新田 義貞
Nitta Yoshisada (
1301-
1338) was a
14th century warlord who helped Emperor
Go-Daigo overthrow the
Hojo Bakufu and briefly place
Japan under direct imperial rule.
Yoshisada was born into the Nitta clan of Kozuke province in 1301. That the Nitta were a branch line of the Minamoto gave them great status, but their failure to promptly side with Yoritomo at the start of the Gempei War led them to be excluded from holding high office in the Kamakura administration. Nevertheless, by the 1330s the Nitta had become a strong regional power that commanded the favor of the Hojo.
Nitta Yoshisada emerges from the historical sources as a mediocre general and a calculating opportunist. When Emperor Go-Daigo put out a call to the warrior clans to support him in his insurrection against the Hojo in 1331, Yoshisada declined to back him - judging that the rebellion had no hope of success, he remained loyal to his Hojo overlords. The revolt was eventually put down, and Go-Daigo was exiled to the island of Oki.
In 1333, Go-Daigo escaped and started a new revolt. Once again, Yoshisada declined to join, biding his time. Then, in July, while the Hojo armies were engaged elsewhere fighting against Ashikaga Takauji, Kusunoki Masashige, and Prince Morinaga, Yoshisada suddenly saw his chance, switching sides and capturing the relatively undefended Hojo capital at Kamakura. Thus Yoshisada recieved much of the glory and credit for Go-Daigo's triumph, while others did most of the hard fighting.
For two years Yoshisada enjoyed the favors of Go-Daigo's court at Kyoto, but trouble began brewing in 1335, after Takauji put down a rebellion by Hojo Tokiyuki in the east. In an act that all but signaled open rebellion, Takauji refused Go-Daigo's order to return to Kyoto and installed himself at Kamakura where he began to redistribute lands to his followers, including giving the Nitta's ancestral lands in Kozuke to the Uesugi. Yoshisada set out at the head of an imperial army to punish Takauji. He defeated Takauji's brother Tadayoshi in Mikawa, only to be crushed by Takauji himself at Ashigara pass in the Hakone Mountains and again in Suruga. His army broken, Yoshisada fled, and it fell to Kitabatake Akiie to drive Takauji out of Kyoto.
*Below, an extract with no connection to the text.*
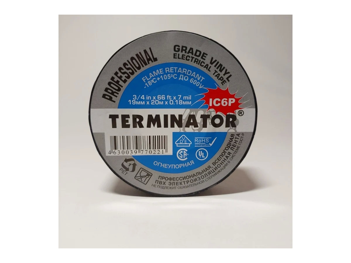 Устойчивая к воздействию огня, холода, погодных условий, большинству химических реагентов ПВХ лента. Толщина 0,18 мм, ширина 19 мм, длина 20 м. Максимальное удлинение 285%(23°С)/112%(0°С). Сопротивление изоляции 10⁶ Ом/см. Номинальное напряжение 600V. Температура эксплуатации от -18°С до +105°С. Самозатухающая. Всепогодная.
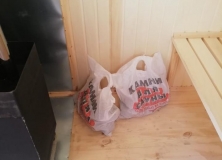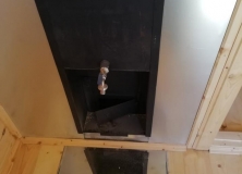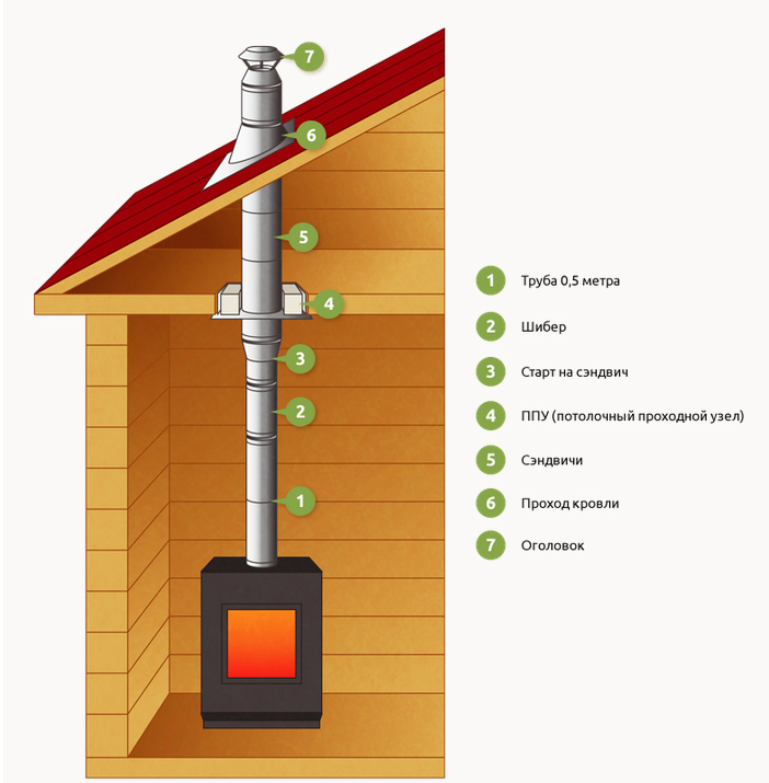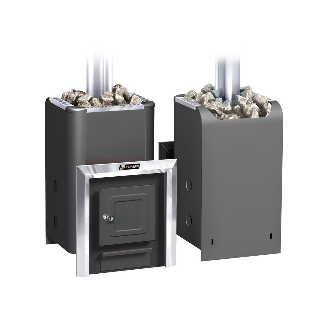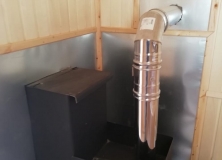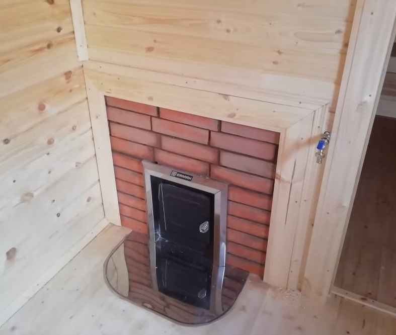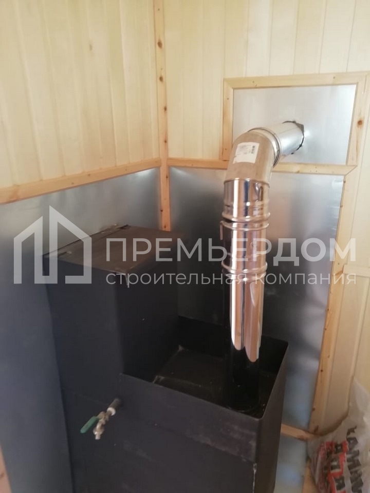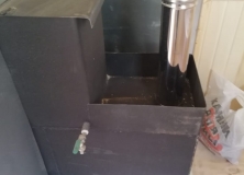 Сварная с баком для воды на 45 литров. Вывод дымохода через стену. |

Takauji fled to Kyushu, but returned in June of 1336 with an even bigger army than before. Go-Daigo turned to Yoshisada and Kusunoki Masashige for advice. Yoshisada, hoping to fight a definitive battle and finish off Takauji once and for all, wanted to take the imperial army out into the field and intercept Takauji's advance at Minatogawa. Masashige disagreed, arguing that it was folly to face Takauji's numerically superior force in a pitched battle. Instead, he suggested that Go-Daigo retreat to Mount Hiei and the protection of the Enryakuji yamabushi, whence the imperial forces could harrass Takauji with guerilla operations until a more opportune time to fight arose. Yoshisada was Go-Daigo's favorite, however, so his plan won the emperor's approval. Go-Daigo ordered Masashige to accompany Yoshisada to Minatogawa, and the loyal Masashige obeyed.
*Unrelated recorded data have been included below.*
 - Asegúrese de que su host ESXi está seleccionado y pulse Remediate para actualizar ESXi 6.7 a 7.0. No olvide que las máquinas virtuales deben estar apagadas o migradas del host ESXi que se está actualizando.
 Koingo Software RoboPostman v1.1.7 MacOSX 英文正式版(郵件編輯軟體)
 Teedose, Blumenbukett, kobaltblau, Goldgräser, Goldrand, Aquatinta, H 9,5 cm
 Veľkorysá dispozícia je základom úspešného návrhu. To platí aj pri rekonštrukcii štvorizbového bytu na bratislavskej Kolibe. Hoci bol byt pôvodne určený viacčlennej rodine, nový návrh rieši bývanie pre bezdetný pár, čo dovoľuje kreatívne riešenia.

Just as Masashige predicted, the Battle of Minatogawa proved to be a disaster. When Takauji outflanked Yoshisada's army, he panicked and retreated, leaving Masashige's force exposed and unprotected against an overwhelming assault by Tadayoshi. After holding out for more than six hours, Masashige's men were surrounded and slaughtered, and Masashige himself committed suicide. Yoshisada's army was routed, and although Yoshisada himself escaped, Takauji's road to Kyoto was clear.
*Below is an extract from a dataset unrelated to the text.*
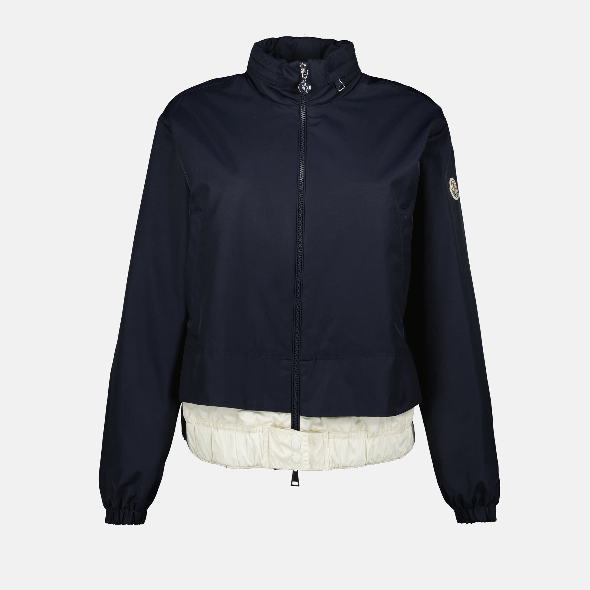 The blue and white Janze bicolor jacket from Moncler is designed for women. It is part of the Spring-Summer 2025 collection and is made of technical twill.
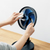 風量は3段階調節可能で、リズム運転、自動首振り運転など、これまでのリビングファンの機能はそのままに、小さく折りたたんで、棚やちょっとした隙間に収納でき、場所を取りません。

Takauji entered Kyoto in triumph and crowned a new emperor, Komyo. Go-Daigo belatedly fled to Mount Hiei, as Masashige had originally suggested, and later fled again to Mount Yoshino where he continued to issue loud if empty claims to the throne. Meanwhile, Yoshisada and Prince Takanaga holed up in the Nitta stronghold of Kanagasaki in Echizen. Takauji launched several assaults against the fortress and finally captured it in April of 1337, but Yoshisada escaped again. But his luck had been all used up, and Takauji's forces finally caught up with him and killed him at Battle of Fujishima in August, 1338. Go-Daigo's last general was dead, and Takauji's hegemony was secure. That summer, Emperor Komyo named Takauji shogun, and the Ashikaga bakufu began.